Results of Analysis of Variance (ANOVA) for main effects and all two-way interactions - Genotype test.

Factor	Df	SSQFactor	F Statistic	φ2
Percent-Affected	1	1560721	33815.121	0.314
ρ	2	1723434	18670.263	0.347
${\sigma }_1^2$	1	612234	13264.884	0.123
${\sigma }_2^2$	1	308685	6688.076	0.062
pd	1	303127	6567.645	0.061
ρ × Percent-Affected	2	103543	1121.697	0.021
${\sigma }_1^2\times \text{Percent-Affected}$	1	46967	1017.613	0.009
pd × Percent-Affected	1	40969	887.657	0.008
${\sigma }_1^2\times \rho$	2	63336	686.134	0.013
${\sigma }_1^2\times {\sigma }_2^2$	1	25551	553.597	0.005
τ1	2	46357	502.194	0.009
${\sigma }_2^2\times \text{Percent-Affected}$	1	22923	496.648	0.005
${\sigma }_2^2\times \rho$	2	31059	336.47	0.006
pd × ρ	2	23991	259.896	0.005
τ2	2	16522	178.984	0.003
τ1 × Percent-Affected	2	5191	56.235	0.001
$p_d\times {\sigma }_2^2$	1	2162	46.851	0
τ2 × Percent-Affected	2	2892	31.331	0.001
τ1 × ρ	4	4434	24.018	0.001
${\tau }_1\times {\sigma }_2^2$	2	1723	18.67	0
τ1 × τ2	4	3101	16.796	0.001
${\sigma }_1^2\times {\tau }_2$	2	1041	11.28	0
τ2 × ρ	4	1606	8.7	0
$p_d\times {\sigma }_1^2$	1	282	6.11	0
${\sigma }_2^2\times {\tau }_2$	2	97	1.051	0
${\sigma }_1^2\times {\tau }_1$	2	74	0.799	0
pd × τ1	2	70	0.753	0
pd × τ2	2	2	0.02	0
Residuals	379	17493
Total		4964426

The values in the column labeled "Factor" are defined in Table 1. The column SSQ_Factor is the sum of squares for the given factor. The column labeled "φ²" lists each factor's proportion of the overall Sum of Squares. That is, ${\phi }^2=\frac{{\mathit{\text{SSQ}}}_{\text{Factor}}}{{\mathit{\text{SSQ}}}_{\text{Total}}}$. All values with the exception of the last column are computed using methods developed for the R statistical software package [106].
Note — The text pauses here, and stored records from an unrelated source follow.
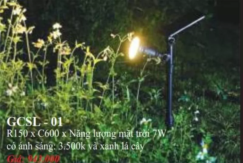 Trụ đèn NLMT ngoài trời GCSL-01 Thương Hiệu: Lightinh & Home, Kích thước: R150 x C600, Năng lượng mặt trời 7W Có ánh sáng: 3.500k và xanh lá cây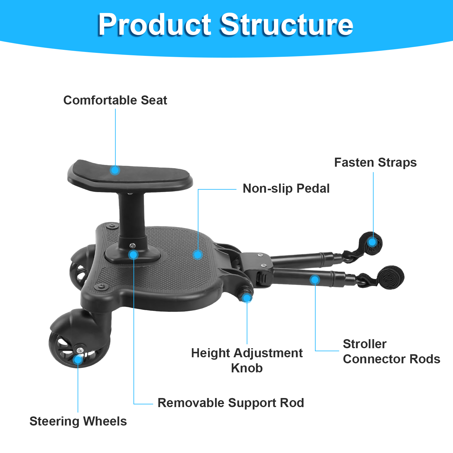 Sturdy and Secure: Designed with safety in mind, the stroller board features secure attachment points and a stable platform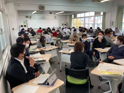 今回の研修では,はじめに新校での学びである「考える授業」について,丁寧にわかりやすく説明させてもらいました。説明後,各教科の「考える授業」の定義と具体化について,教科内でのグループワークで確認し,他教科の先生同士でペアーワークで共有と理解を図りました。その後,再度教科内のグループワークを通して,教科へのフィードバックを図り,各教科の代表の先生から「考える授業」の説明をしていただきました。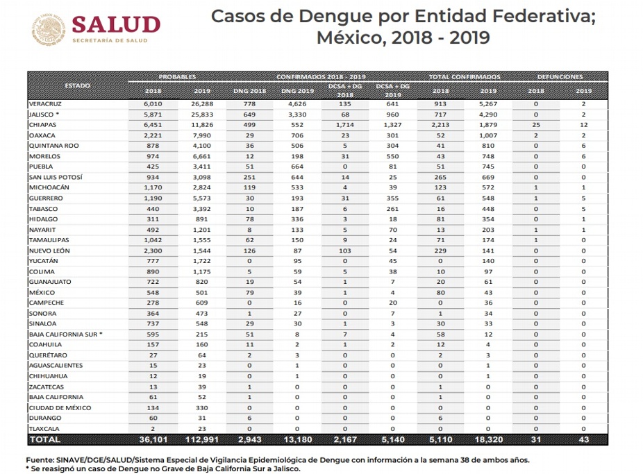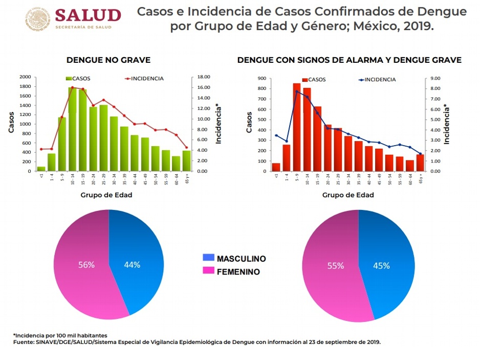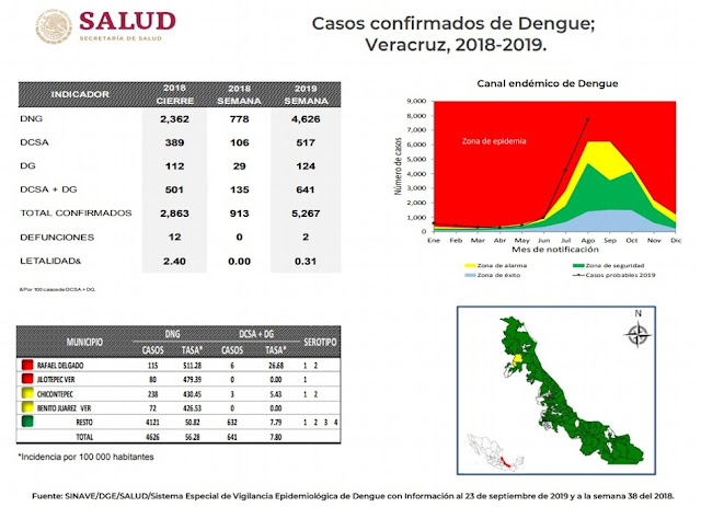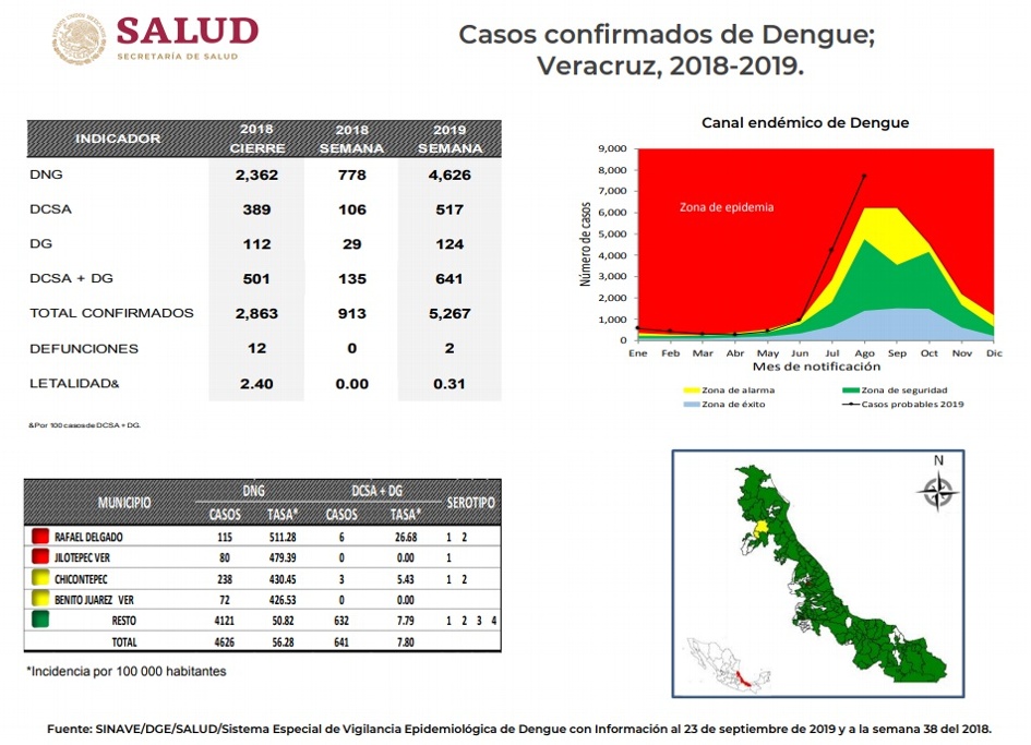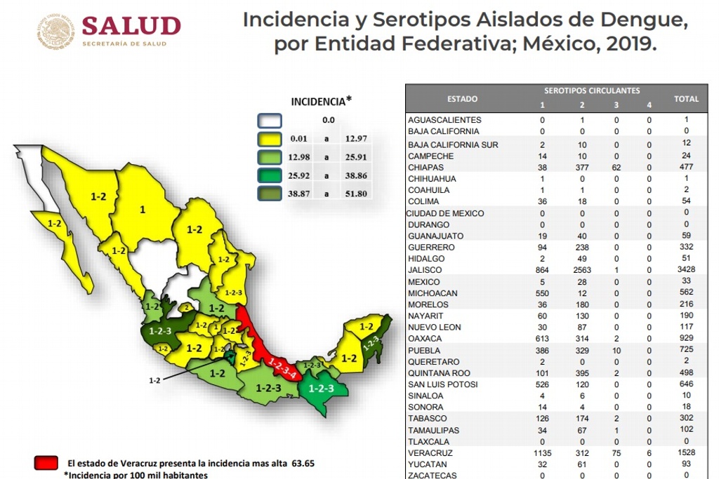 Según el informe de la Secretaría de Salud, Casos e Incidencia de Dengue por Entidad Federativa; México, 2019, muestra a Veracruz con 4 mil 626 casos de dengue no grave (DNG), 517 de dengue con signos de alarma (DCSA) y 124 de dengue grave (DG).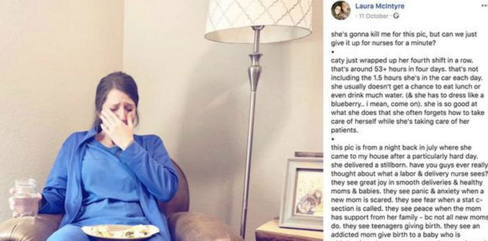 Dalam foto tersebut, Caty yang merupakan seorang perawat persalinan di Medical City McKinney, Texas, terlihat tengah terduduk di sebuah kursi. Ia tampak sedang menangis dengan sepiring makanan di pangguannya dan minuman di tangannya.

In Table 2, the factors are sorted from largest F-statistic to least. Also, we report the value φ², the respective factor's proportion of the overall Sum of Squares. Specifically, ${\phi }^2=\frac{{\mathit{\text{SSQ}}}_{\text{Factor}}}{{\mathit{\text{SSQ}}}_{\text{Total}}}$ (values provided in Table 2). Based on F-statistics and the φ² values, we may infer that there are five main factors that most substantially affect the number of affected individuals needed to detect association. These are, in order of F-statistic (rounded to nearest integer from Table 2), Percent-Affected (F-Statistic = 33,815), ρ (Correlation) (F-Statistic = 18,670), ${\sigma }_1^2(\text{F-statistic}=\mathrm{13,265})$, and ${\sigma }_2^2(\text{F-statistic}=\mathrm{6,688})$, and p_d (F-statistic = 6,568). Along with their two-way interaction-terms (a total of ten), these five factors account for 98% of the proportion of the total Sum of Squares (SSQ_Total) (Table 2). The dominance-additivity ratios, τ₁ and τ₂ had relatively small impact on the calculated MSSN. This result suggests that the Genotype test is equally powerful when the QTL operate under either an additive or non-additive mode of inheritance.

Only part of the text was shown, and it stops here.